ISCA Archive Interspeech 2020
ISCA Archive Interspeech 2020

On Improving Code Mixed Speech Synthesis with Mixlingual Grapheme-to-Phoneme Model

Shubham Bansal, Arijit Mukherjee, Sandeepkumar Satpal, Rupeshkumar Mehta

Regional entities often occur in a code-mixed text in the non-native roman script and synthesizing them with the correct pronunciation and accent is a challenging problem. English grapheme-to-phoneme (G2P) rules fail for such entities because of the orthographical mistakes and phonological differences between the English and regional languages. The traditional approach for this problem involves language identification, followed by the transliteration of the regional entities to their native language and then passing them through a native G2P. In this work, we simplify this module based architecture by learning an end-to-end mixlingual G2P in a multi-task type setting.
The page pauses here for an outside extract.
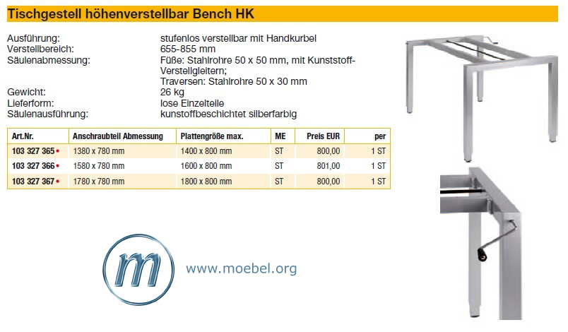 Stufenlos höhenverstellbare Tischgestelle mit Handkurbel, Modell Bench HK:

Also, rather than mapping the output phone sequences from our mixlingual G2P to the English phoneset or using the “shared” phoneset, we use the polyglot data and “separated” phoneset to train a mixlingual synthesizer to improvise the synthesized voice accent for regional entities. We have used Hindi-English as the code-mix scenario and we show absolute incremental gains of up to 28% in pronunciation accuracy and a 0.9 gain in “overall impression” mean-opinion-score (MOS) over using a standard English monolingual text-to-speech (TTS).